# Wanted Pashley U-Plus-2 or similar



## Stu West (3 Dec 2007)

I am trying to find a U-Plus-2 (or similar) to move around my 8 and 4 year old over decent distances. If anyone has one they want to unload, or any tips, they would be very appreciated! I am based in Edinburgh, but about to move to Oxford (for a few months). Many thanks, Stu.


----------



## wagtail (9 Feb 2008)

Stu,

I have a U + 2 available, I'm in Wiltshire, not too far to travel form Oxford if your'e interested.


----------



## ufkacbln (9 Feb 2008)

Not directly helpful as I sold mine last year, but.........................

Be careful with the "similar" as there are tandem trailer bikes with one wheel. These are in my opinion lethal!

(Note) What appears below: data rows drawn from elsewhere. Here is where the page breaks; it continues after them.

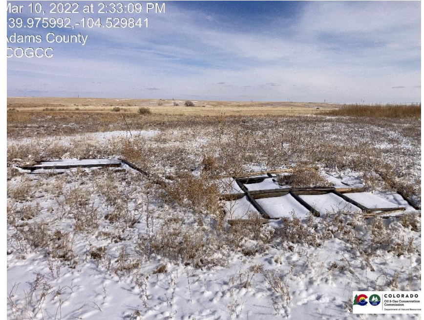
Pic 2 trash on location

Mar 10, 2022 at 2:33:09 PM 39.975992,-104.529841 Adams County COGCC
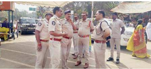
Nandyal SP Suneel Sheoran inspecting traffic parking locations in Srisaillam on Tuesday
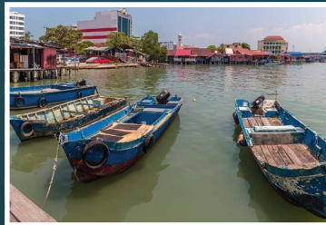
Weld Quay Clan Jetties

Penang War Museum is reputed to be the largest war museum in South East Asia.
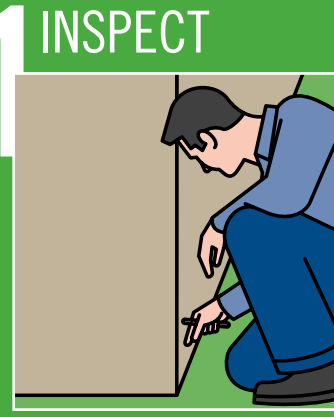
A Certified Sentricon Specialist™ checks for signs of termites.
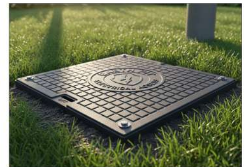
FRP Earth Pit Chamber Manhole Cover
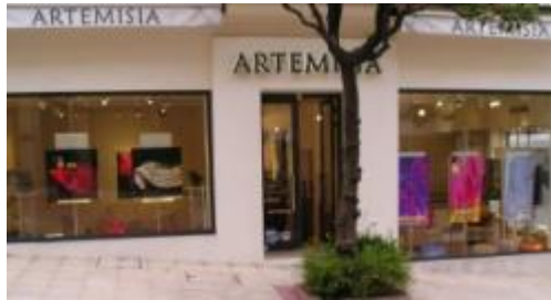
Monte Carlo hosts "Passion for Life" art exhibition supporting GEMLUC
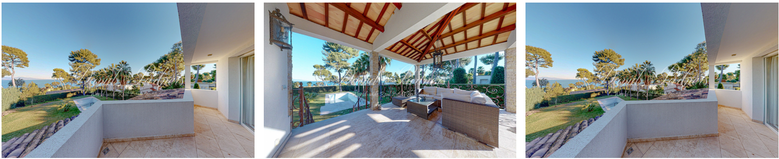
Villa / Property - Cap d'Antibes - France
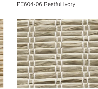
PE604-30 Peaceful Green
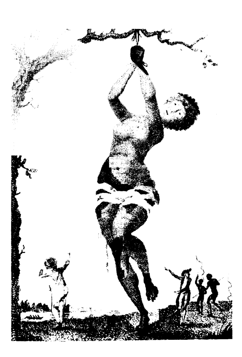
William Blake, Flagellation of a Female Samboe Slave, line engraving after the author's drawing, 1793.

word adding search to reach wind to spool to twist of thread along the Black stretch of ever into Silence that mocks the again in know the word discovers Word mirrored in Silence
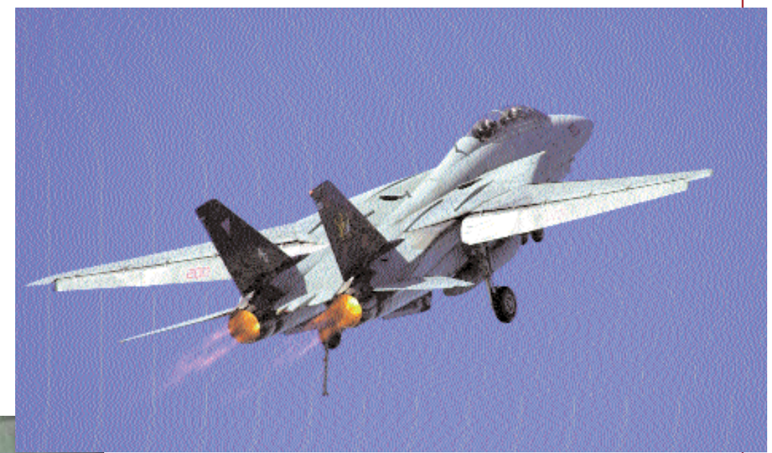
PHAN James Wagner

Fleet photographers captured these images as Dwight D. Eisenhower (CVN 69) conducted flight deck certification in the Atlantic Ocean in early November. Right, an F-14B Tomcat of Fighter Squadron 11 terminates a low, slow pass by the flight deck on 6 November. Below, Ike CO Capt. Mark McNally observes flight ops as ammunition is transferred to Enterprise (CVN 65) on 8 November.
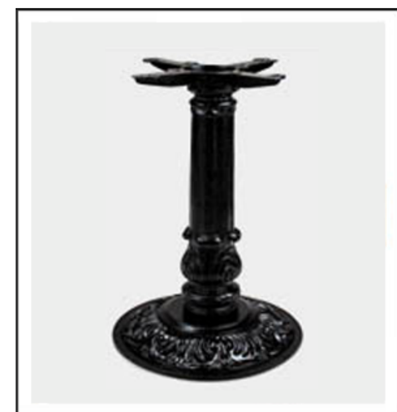
7. FLIP OVER FOR FINISHED PRODUCT.
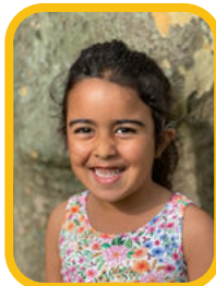
SENNA Moon Area School District
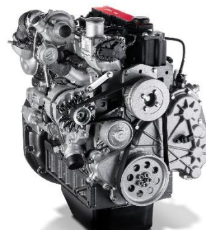
FPT Industrial F28 Diesel

This year, the international jury selected the F28 engine for its combination of winning features: compactness, productivity and environmental-friendliness. The compactness makes this engine the perfect solution for agriculture equipment including specialized and small utility tractors, as well as for light construction equipment, such as skid loaders and compact wheel loaders.
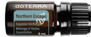
Northern Escape | 5 mL Aroma: crisp, soothing, piney
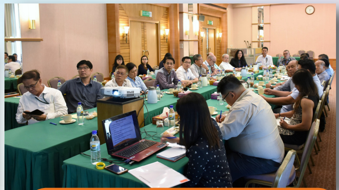
Meeting on Revised Catch-Up Plan cum 2 nd Licences for Planted Forests Quarterly Meeting, Wisma STA, Kuching, 9 April 2019
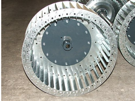
ASZ TYPE (Single inlet with motor hub)

ASZ Single Inlet, 20" to 40" Diameter, 8" to 16" Width ADN Double Inlet, 20" to 40" Diameter, 16" to 32" Width Galvanized Steel or Stainless Steel, CW or CCW Rotation
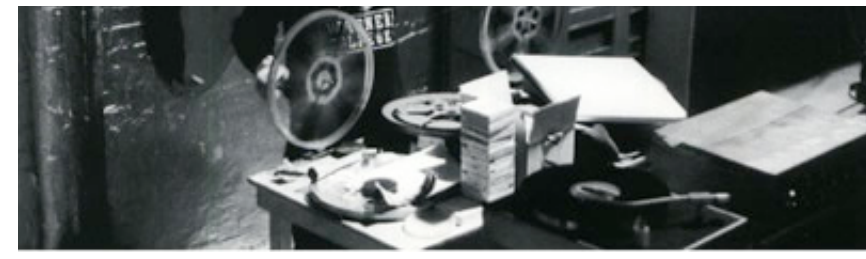
Warhol at work
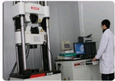
Tensile Test Machine
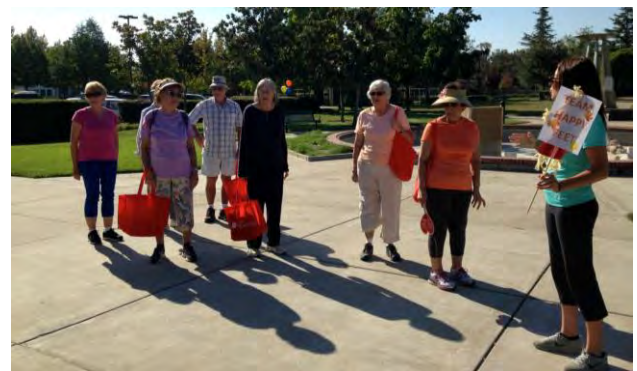
Alameda County Walk—Posters throughout the walk were displayed educating the seniors who participated.

For the second year in a row, the nonprofit LIFE ElderCare choreographed a flash mob dance for seniors and people of all ages at the New Park Mall Shopping Center in Newark/Fremont, CA during Fall Prevention Awareness Week.
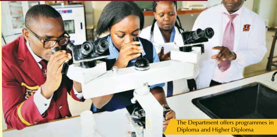
The Department offers programmes in Diploma and Higher Diploma

Two kids on a single wheel causes extreme "flicking" when either moves. This is difficult to correct and causes enough of a change in course to make trafffic dangerous.


----------



## tneupert (24 Oct 2008)

*u-plus-2*

Hi Stu,
Are you still looking for a U-plus-2? Have one here in York, not new but good working order. Let me know if you're interested. Cheers, Tatjana


----------



## ppowaga (18 Feb 2009)

*u+2*



tneupert said:


> Hi Stu,
> Are you still looking for a U-plus-2? Have one here in York, not new but good working order. Let me know if you're interested. Cheers, Tatjana


Hi there,
I know it's quite old, but maybe your offer is still valid...frankly don't think so, but...maybe?!
Pit


----------